Graph 4: Team Stats - Win/Loss Heatmap

Looking at the rows shows the team’s win percentage against the column opponent. This means that the more green horizontally the higher the win percentage the team has. More green horizontally indicates a good season.

When looking at the columns, this is the win percentage against the team. This means more teams beat the team in that column. More green in a teams columns indicates more losses and a bad season.

Graph 4 Discussion and Conclusion

Graph 4 Discussion:

Looking at the rows we can tell that the Oklahoma City Thunder and Cleveland Cavaliers are having strong seasons from their high win percentages.
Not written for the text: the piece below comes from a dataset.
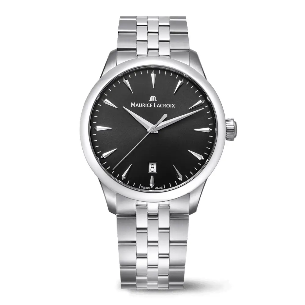 The Maurice Lacroix 1975 Quartz 39 mm (ref. 751007-SS002-330-1) is a timeless model that blends retro design with modern Swiss precision. Inspired by the style of the 1970s, it offers a refined look suitable for both everyday wear and formal occasions. The 39 mm stainless steel round case fits comfortably on the wrist, while the scratch-resistant sapphire crystal protects a clean black analog dial with contrasting hands and indices.
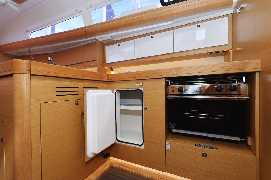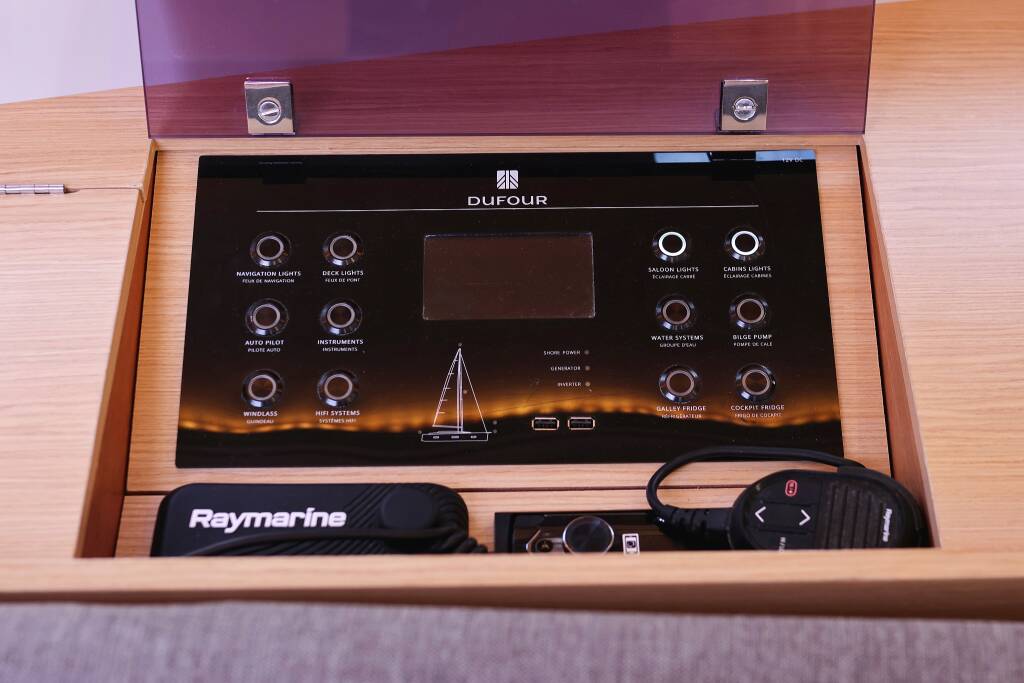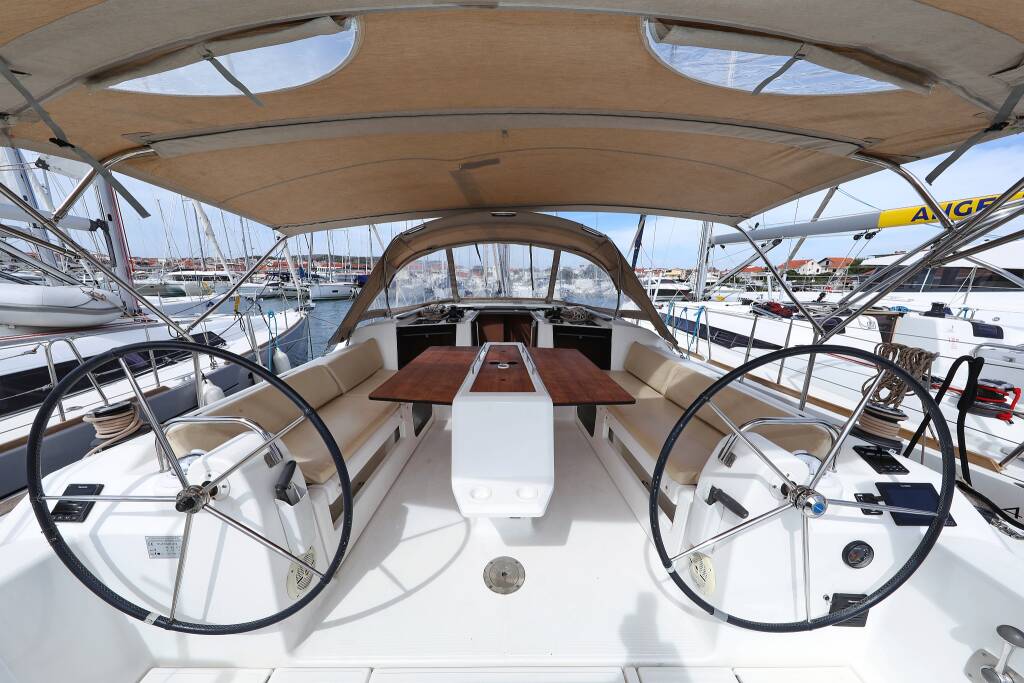 Sailing yacht Dufour 412 GL Themisto, built in 2021 is anchored in the ACI Marina Trogir, Split region, Croatia. It has 3 cabins, can accommodate 6 + 2 people and has 2 toilets. Bed linen and kitchen equipment are included in the price.

Alternatively, if we look at the columns we can conclude that the Washington Wizards and the Utah Jazz are struggling this season because they are getting beaten by their opponents at high rates.

Conclusion:

So far this season we can tell that Shai Gilgeous-Alexander has been a dominant scorer in the league leading to OKC Thunder to a very successful season and we should expect to see him continue to perform at a very high level. Other players like Nikola Jokic have also been able to put up impressive numbers in scoring and in other stats. It will be interesting to see how the MVP run will play out for the rest of the season and seeing if these players can continue to put up the numbers they have in this portion of the season.